Please transcribe the data that follows exactly as given, leaving out every picture.

= GIVEN MATERIAL =
*** Begin section ***
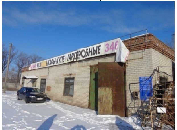
Фото 14. Цех производственный
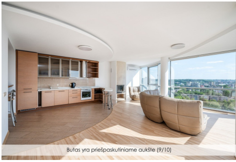
Butas yra priešpaskuliniame aukšte (9/10)
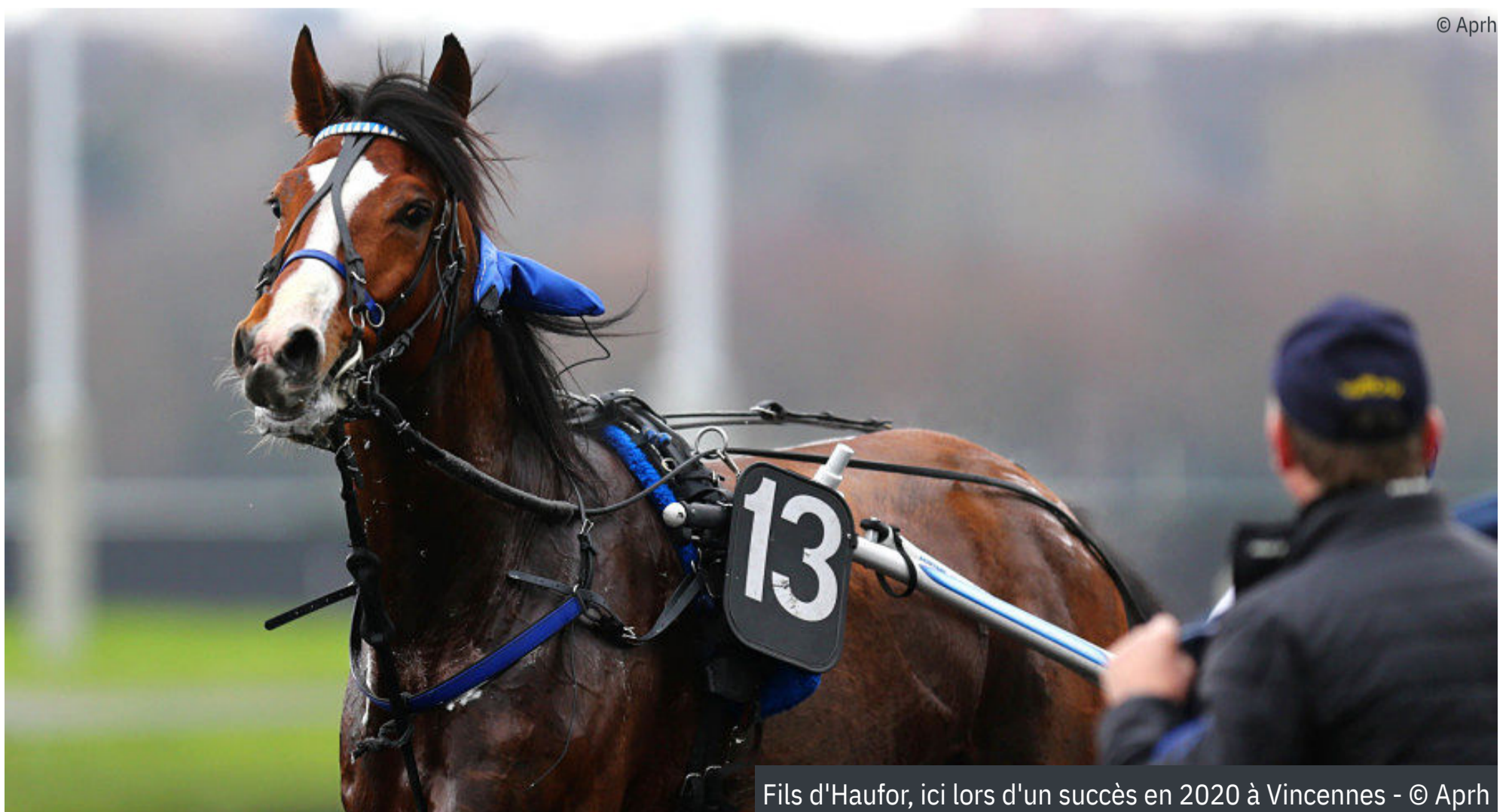
Fils d'Haufor, ici lors d'un succès en 2020 à Vincennes
*** End section ***
= FINISHED EXERCISE =
Фото 14. Цех производственный
Butas yra priešpaskuliniame aukšte (9/10)
Fils d'Haufor, ici lors d'un succès en 2020 à Vincennes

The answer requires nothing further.